In His “Sermon on the Mount” (Matthew chapters 5-7) Jesus spoke to folks who had been taught such things.  The Scribes and Pharisees of Jesus’ day espoused a religious of works.  They supposed they could win heaven by the careful observance of countless man-made rules.  Theirs was a religion of proud self-reliance.  It underestimated both God’s holiness and man’s sinfulness.  Lost in the fog of their countless rules were the weightier provisions of the law and the corresponding humility and faith they demanded.

Henry Ironside’s comments on these chapters are helpful: “In the so-called “Sermon on the Mount” our Lord was not preaching the gospel, but He was setting forth the principles of His kingdom, which should guide the lives of all who profess to be His disciples. In other words, this is the law of the kingdom; the observance of which must characterize its loyal subjects as they wait for the day when the King Himself shall be revealed. Throughout, it recognizes the existence of definite opposition to His rule, but those who own His authority are called upon to manifest the same meek and lowly spirit that was seen in Him while in the days of His humiliation here on earth…For the natural man this sermon is not the way of life, but rather a source of condemnation; for it sets a standard so high and holy that no unsaved person can by any possibility attain to it. He who attempts it will soon realize his utter helplessness, if he be honest and conscientious. He must look elsewhere in Scripture for the gospel, which is the dynamic of God unto salvation to all who believe (Romans 1:16)…So far as the unsaved are concerned, therefore, the teaching given here becomes indeed, as C. I. Scofield has well said, “Law raised to its Nth power.” But for the believer, just as the righteous requirements of the law are “fulfilled in us, who walk not after the flesh, but after the Spirit” (Romans 8:4), so the principles laid down in this sermon will find their practical exemplification in the lives of all who seek to walk as Christ walked.”

In his quest for salvation, apart from God’s intervention, it is man’s natural (sinful) tendency to dismiss or diminish the Law.  But Jesus did not come “to abolish the Law, but to fulfill” (Matthew 5:17).  The religious leaders of Jesus’ day had worked to make the Law “manageable.”  They taught: “’You shall not commit murder’ and ‘whoever commits murder shall be liable to the court’ (Matthew 5:21).” They supposed that in not actually “murdering” anyone, they had kept the Law.  A self-righteous person might even say, “I’m going to heaven, I’m a good person, I haven’t killed anybody.”  But Jesus reaffirmed the true intent of the Law: “But I say to you that every one who is angry with his brother shall be guilty before the court; and whoever shall say to his brother, ‘Raca’ (‘empty-head’), shall be guilty before the supreme court; and whoever shall say, ‘You fool,’ shall be guilty enough to go into the hell of fire” (Matthew 5:22).  Indeed, not only are we commanded not to murder (and even to harbor murderous intentions within our hearts), but to love even our enemies (Matthew 5:43-44).

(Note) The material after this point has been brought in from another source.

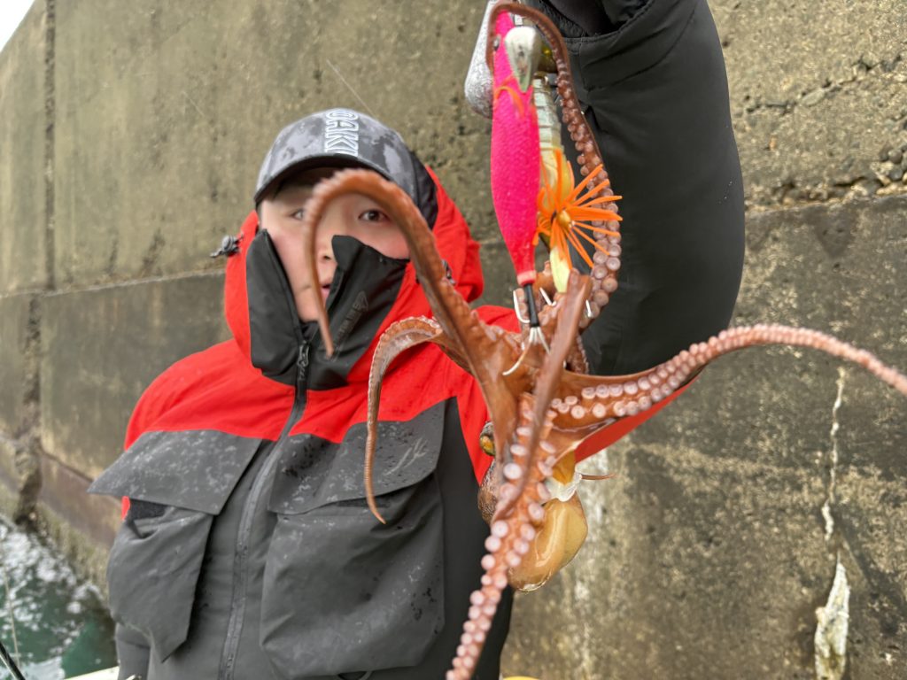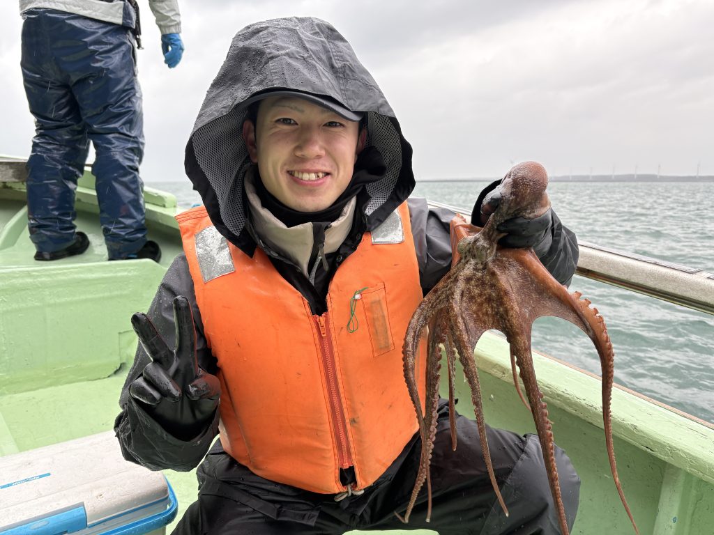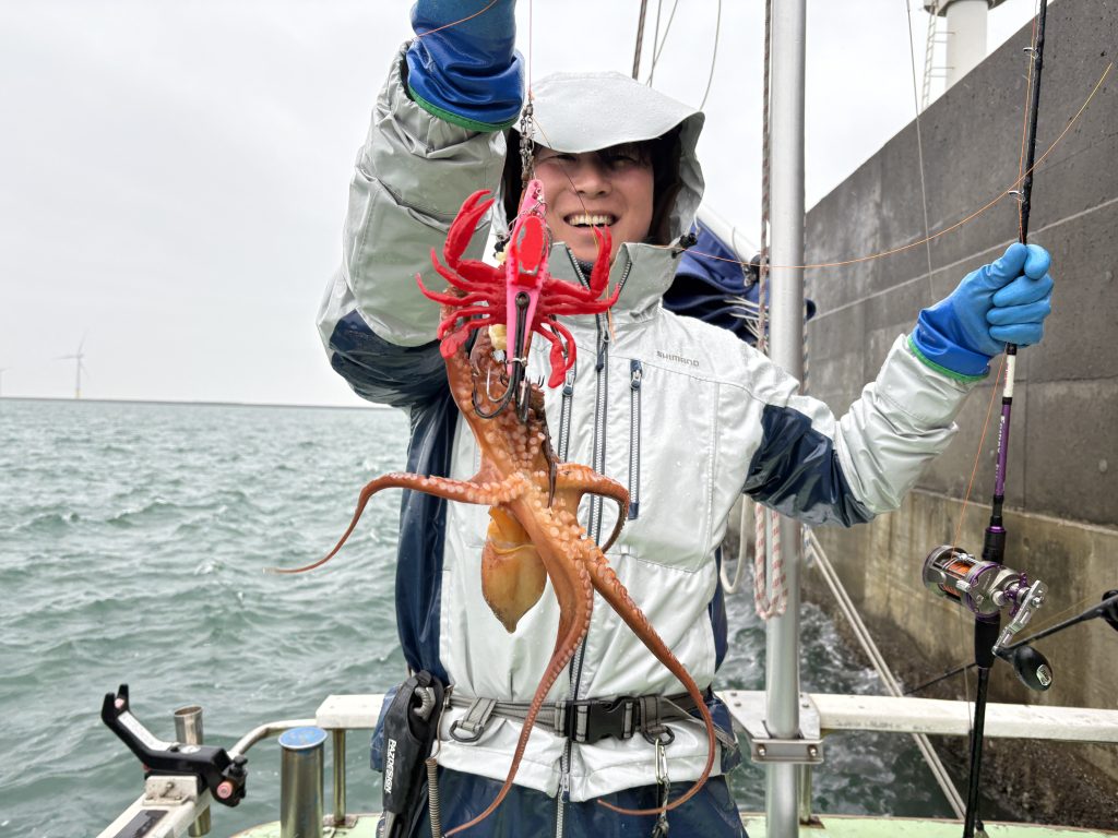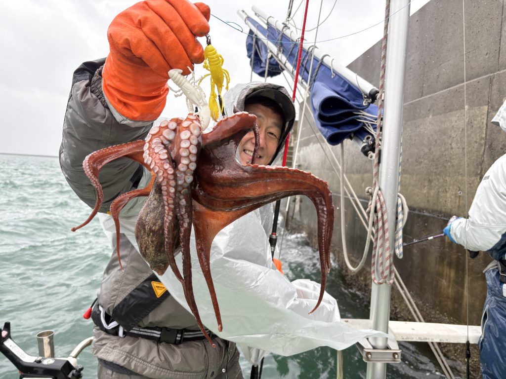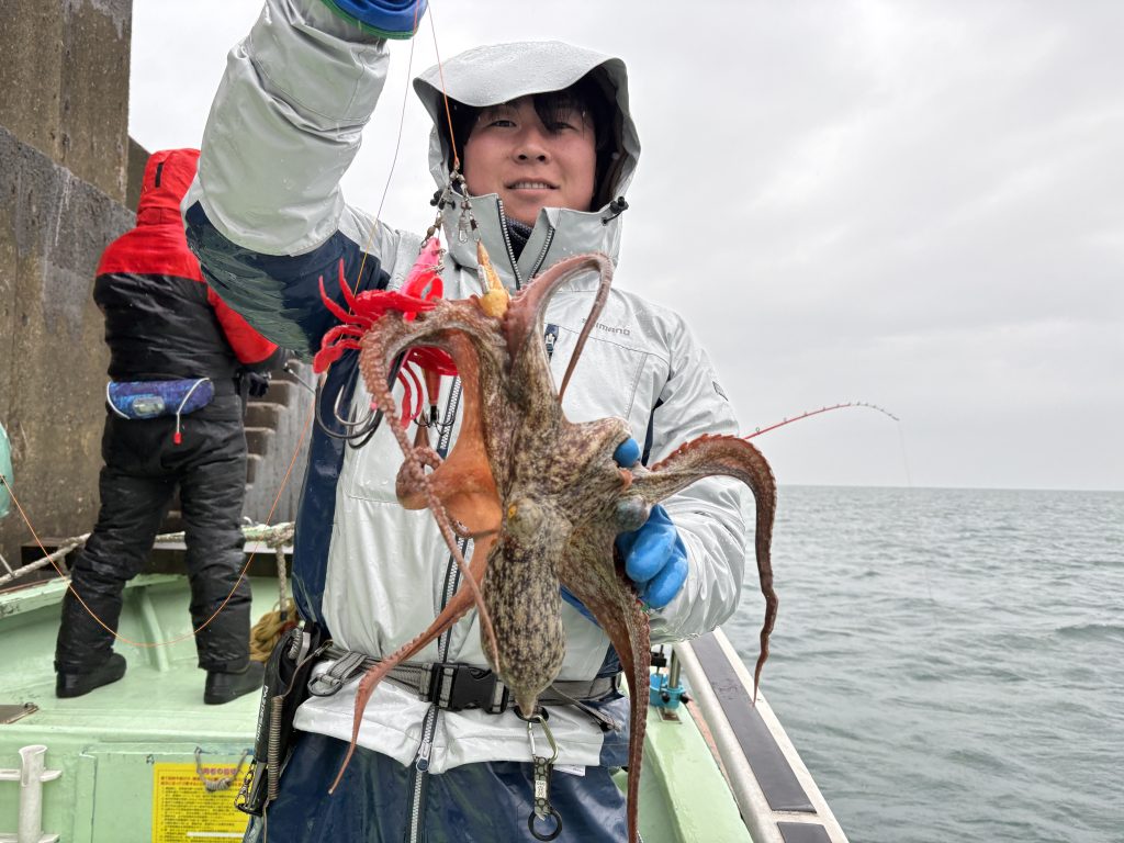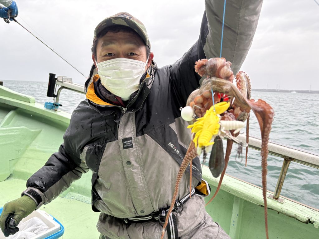 久々の出船は、近場⓶が海況不良でタコ釣りに変更。南寄りの風は雨混じりで気温以上に寒い環境。

The people of Jesus’ day supposed the scribes and Pharisees to be the epitome of righteousness, but Jesus demands something far greater, “For I say to you, that unless your righteousness surpasses that of the scribes and Pharisees, you shall not enter the kingdom of heaven” (Matthew 5:20).  The Apostle Paul had been a self-righteous Pharisee, but through faith in Christ he found true righteousness: “More than that I count all things to be loss in view of the surpassing value of knowing Christ Jesus my Lord, for whom I have suffered the loss of all things, and count them but rubbish in order that I may gain Christ, and may be found in Him, not have a righteousness of my own derived from the Law, but that which is through faith in Christ, the righteousness which comes from God on the basis of faith” (Philippians 3:8-9).  True righteousness can be possessed only through faith in Him.